5 - La Commission de contrôle était annuellement un rapport dans lequel elle rend compte à l'assemblée générale de l'exécution de son mandat et mentionne les constatations faites.
6 - La Commission de contrôle peut, dans l'exercice de ses fonctions, se faire assister pour un temps limité ou pour une tâche précise, par un expert ou par un organisme spécialisé.
7 - Les modalités de la tenue de ses sessions seront fixées dans le règlement intérieur.
8 - Le Président de la Commission de contrôle a droit d'assister aux réunions du Conseil d'administration à titre d'observateur.
9 - Au cas où l'État ou une collectivité publique accorde un prêt ou donne son aval à une société coopérative, l'autorité administrative compétente peut désigner un agent pour suivre la gestion comptable de la dite société coopérative en relation avec la commission de contrôle.
Chapitre VI : Capital et dispositions financières
Article 36
Sources du capital
1 - Le capital des sociétés coopératives est constitué par des parts sociales, souscrites par chacun des adhérents.
- 2 - Les autres sources de capital des sociétés coopératives sont :
- a) les réserves créées par prélèvement sur les excédents d'exercices ;
- b) les dons, legs et autres contributions des organismes donateurs publics ou privés ;
- c) les capitaux empruntés auprès des adhérents sous forme de dépôts auprès d'autres sociétés coopératives ou des banques et organismes de crédits, publics ou privés ou tout autre organisme d'assistance reconnu par l'État.
3 - Les emprunts consentis aux sociétés coopératives sont garantis par la caution solidaire des adhérents dans les limites fixées par la présente ordonnance et les statuts.

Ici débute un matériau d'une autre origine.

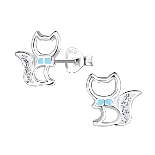 Sterling zilver 925 kat poes oorbellen met zirkonia. Materiaal : 925 sterling zilver Afwerking : E-coat Grootte: 9 mm x 10 mm Verpakt in een bijbeh...
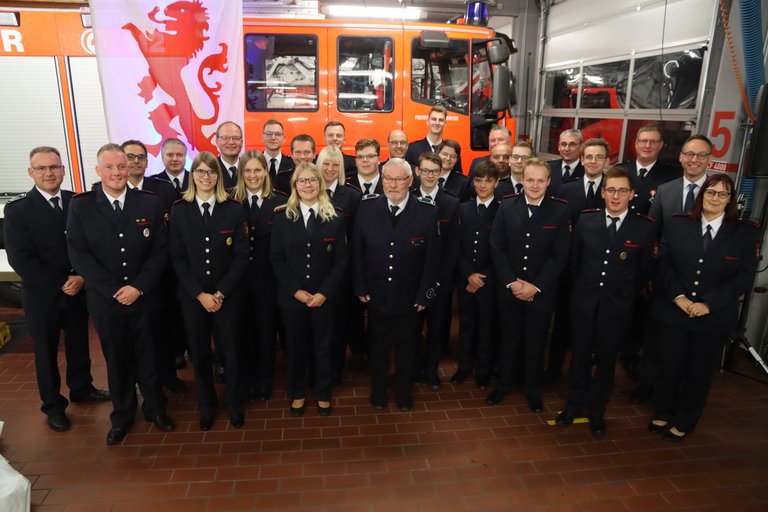 Neu in den Löschzug aufgenommen und/oder nach bestandener Grundausbildung wurden folgende Mitglieder zum Feuerwehrmann/zur Feuerwehrfrau befördert: Christian Herrmann, Semih Ergin, Jacob Gödde, Leon Habraken, Lukas Frese, Daniel Winter, Sören Keber, Timo Hildebrand, Niklas Müller und Anja Remmel. Zusätzlich wurde der neue Seelsorger des Löschzugs, Pfarrer Artur Töws, offiziell in die Einheit aufgenommen.
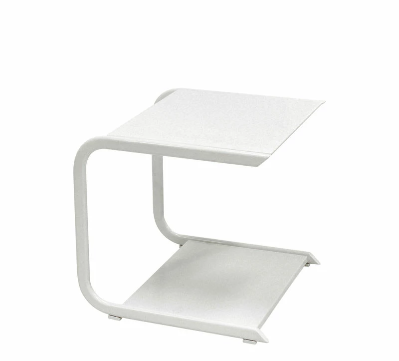 The Holly side table will follow you everywhere. Ideal for both indoor and outdoor use, it fits in easily by a sofa, next to the bed or near a lounger in the garden. It’s the perfect accompaniment to the Holly sun lounger. It has two little shelves, great for putting your magazines, sunscreen, glasses and drinks on. Stable and functional, its dynamic outline is enhanced by its bevelled edges. Thanks to its treatment for outdoor use and its anti-scratch paint, it’s hard-wearing and particularly well adapted for places near the sea.
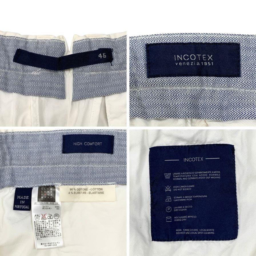インコテックス ノープリーツパンツ コットン ホワイト サイズ46 メンズ INCOTEX 【AFB21】
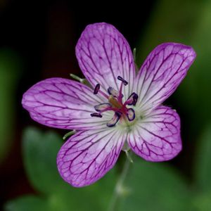イヨフウロ フウロソウ科フウロソウ属 多年草 別名はシコクフウロ 本州東海地方以西 四国、九州に分布 山地の草地に生育する。 イヨフウロは「伊予風露」の意で、別名のシコクフウロは「四国風露」の意である。 花期7〜9月 紅紫色で径2.5〜3cm 枝先に2個ずつ付く。 花弁は5個あり、萼片より長く、倒卵形で、花弁基部の縁に白色の軟毛が生える。 雄しべは10個あり、葯は青紫色から淡紅紫色になる。
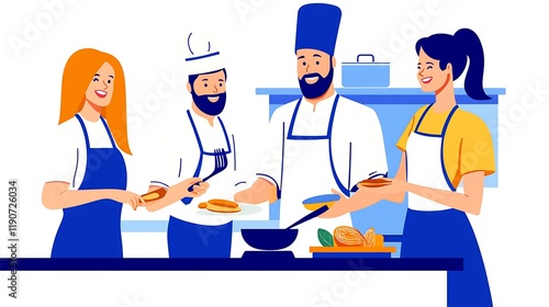 Group of chefs and friends preparing and serving pancakes in a bright kitchen setting
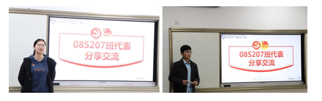085181、085191旅游管理“书香班级”代表先后向新生班级08S207班赠送传递图书并进行阅读分享交流。
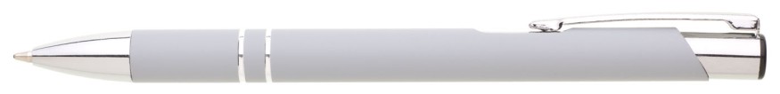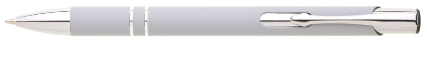 Hliníková propiska se stříbrnými doplňky a měkkým pogumovaným soft povrchem v šedé barvě. Modře píšící.
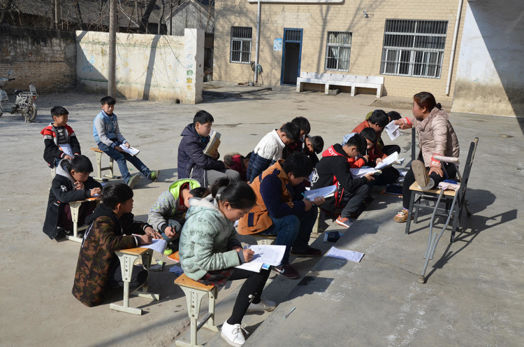學校是寄宿制學校,中午天氣不錯,吃完午飯,薛老師把成績不太好的幾名同學集中在教學樓前的廣場上,給大家補習功課。
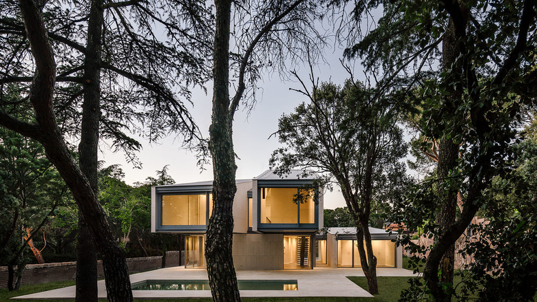 Situada en lo alto del terreno, se asoma hacia el bosque que nace al sur, enmarcando las vistas que proporcionan pinos, encinas y cedros.
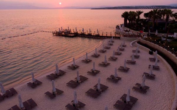 Reges, a Luxury Collection Resort & Spa, Cesme — это отель в городе Чешме, в 800 м от такой достопримечательности, как Пляж Боялык. Среди удобств — сезонный открытый бассейн, фитнес-центр, сад и бесплатная частная парковка. К услугам гостей общий лаундж, терраса и бар. Гости могут воспользоваться оздоровительным и спа-центром с сауной, гидромассажной ванной и хаммамом, а также частным пляжем. Гостям Reges, a Luxury Collection Resort & Spa, Cesme предоставляется завтрак «шведский стол» и завтрак по меню. При Reges, a Luxury Collection Resort & Spa, Cesme работает ресторан, где подают блюда итальянской кухни, блюда средиземноморской кухни и блюда международной кухни. По запросу для гостей приготовят вегетарианские, веганские и безглютеновые блюда. К услугам гостей Reges, a Luxury Collection Resort & Spa, Cesme — детская игровая площадка. Сотрудники стойки регистрации, которые говорят на немецком, на английском и на турецком, предоставят гостям информацию о регионе. Reges, a Luxury Collection Resort & Spa, Cesme располагается на расстоянии 2 км и 2,5 км соответственно от таких достопримечательностей, как Замок Чешме и Порт Чешме.

4 - Le capital social de la coopérative varie en fonction des augmentations résultant de l'adhésion de nouveaux membres ou de la souscription de parts nouvelles par les adhérents ou en fonction des réductions dues à l'annulation des parts des adhérents sortants exclus ou décédés.
Toutefois, le montant au-dessous duquel le capital social ne peut être réduit par suite de l'annulation des parts, sous peine de dissolution de la coopérative, est fixé au quart du capital existant.
Article 37
Les parts sociales. 1 - Le capital social de la coopérative est constitué par les apports des adhérents, représentés par les parts sociales. La valeur nominale de chaque part est fixée par les statuts qui peuvent prévoir la libération des parts en espèces, en nature ou en prestations de service ou de travaux et par versements échelonnés.
2 - Les parts sociales sont nominatives, individuelles, non négociables et transmissibles uniquement en cas d'agrément du Conseil d'administration et selon les modalités fixées dans les statuts.
3 - Aucun membre autre qu'une société coopérative ne peut détenir plus de vingt pour cent du montant total du capital.
Article 38
Dons et legs. Les dons, legs et autres contributions des organismes donateurs publics ou privés doivent être incorporés dans le patrimoine de la société coopérative et comptabilisés.
Article 39
Répartition des excédents annuels. 1 - La répartition des excédents annuels est décidée sur proposition
FEVRIER 1988 du Conseil d'administration par l'Assemblée générale ordinaire.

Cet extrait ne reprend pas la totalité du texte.